29.4. If a disease is accepted to have been as having arisen in service, it must also be established that the conditions of military service determined or contributed to the onset of the disease and that the conditions were due to the circumstances of duty in military service [Rule 14(c)].

29.5. If no note of any disability or disease was made at the time of individual's acceptance for military service, a disease which has led to an individual's discharge or death will be deemed to have arisen in service [Rule 14(b)].

29.6. If medical opinion holds that the disease could not have been detected on medical examination prior to the acceptance for service and that disease will not be deemed to have arisen during service, the Medical Board is required to state the reasons [Rule 14(b)]; and

29.7. It is mandatory for the Medical Board to follow the guidelines laid down in Chapter II of the Guide to Medical Officers (Military Pensions), 2002 — “Entitlement: General Principles”, including Paras 7, 8 and 9 as referred to above (para 27).”

14. From the record, it is evident that prior to joining the service, the respondent was subjected to an extensive medical examination and was found fit for enrolment in the Indian Air Force and the disability of „Primary Hypertension‟ was detected in March, 2007. During his entire service period of nearly 24 years in the Indian Air Force, the respondent was posted at different stations and, therefore, it cannot be ruled out that his disability may have been caused or aggravated by the service conditions.

15. It is further to be noted that the Medical Board Proceedings specifically observed that the disability did not exist before joining the service. However, the RMB has opined that the disability has occurred while the respondent was in service, identifying the on-set on 28.03.2007, and simplicitor noted that the disability of the respondent is „neither attributable to nor aggravated‟ by service.

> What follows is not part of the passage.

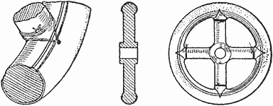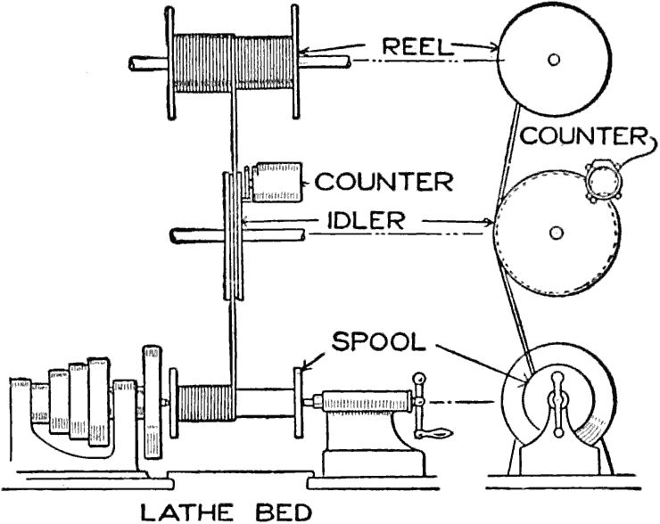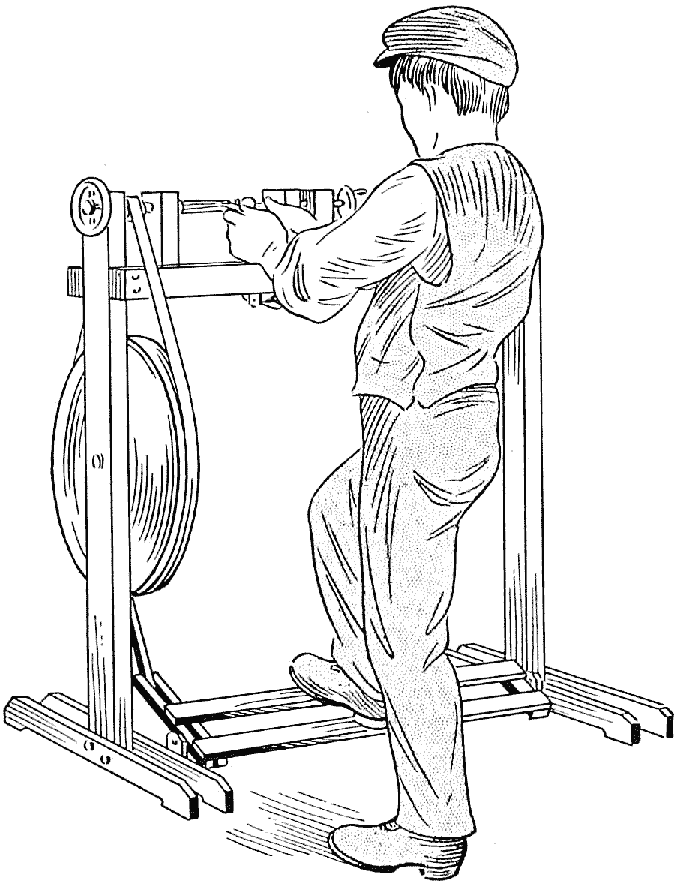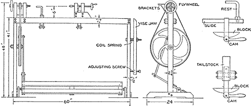 [451] An emery wheel can be used on the spindle in the same manner as the circular saw. Procure a wheel, 5 in. in diameter with a 1/2-in. face and having a lead center. The hole should be bored out and tapped to fit the threads on the lathe spindle, and to have the grinding surface run true, this work should be done in a lathe by a machinist.

16. The Supreme Court in Union of India & Ors. v. Angad Singh Titaria, (2015) 12 SCC 257, has held as below:

"16. xxxxxx Moreover, simply recording a conclusion that the disability was not attributable to service, without giving a reason as to why the diseases are not deemed to be attributable to service, clearly shows lack of proper application of mind by the Medical Board. In such circumstances, we cannot uphold the view taken by the Medical Board."

17. In the present case, the respondent was discharged from service, having been placed in the Low Medical Category, that is, A4G[3] (P) vis a vis his disability of „Primary Hypertension”, however, the RMB has simply discarded the presumption applicable under the Entitlement Rules for Casualty Pensionary Awards, 1982 and as elaborated by the Supreme Court in Dharamvir Singh (supra). Moreover, in the absence of any cogent reasons shown by the petitioners to negate the attributability of the respondent‟s disability to service, it emerges that the petitioners have proceeded on the presumption that the respondent‟s initial disability was not servicerelated. Consequently, the petitioners have manifestly failed to discharge the burden incumbent upon them to substantiate the grounds for denying the respondent‟s entitlement to the Disability Pension. The learned Tribunal rightly applied the test enunciated in Dharamvir Singh (supra) and granted the relief to the respondent.

18. In light of the above, we find no merit in the contentions of the petitioners and find no infirmity in the Impugned Order passed by the learned Tribunal.

19. In any event, no case is made out to warrant interference with the Impugned Order in exercise of our powers under Article 226 of the Constitution of India. Needless to state, this Court is not acting as an appellate court against the Impugned Order.

20. Accordingly, the petition, along with the pending application, is dismissed.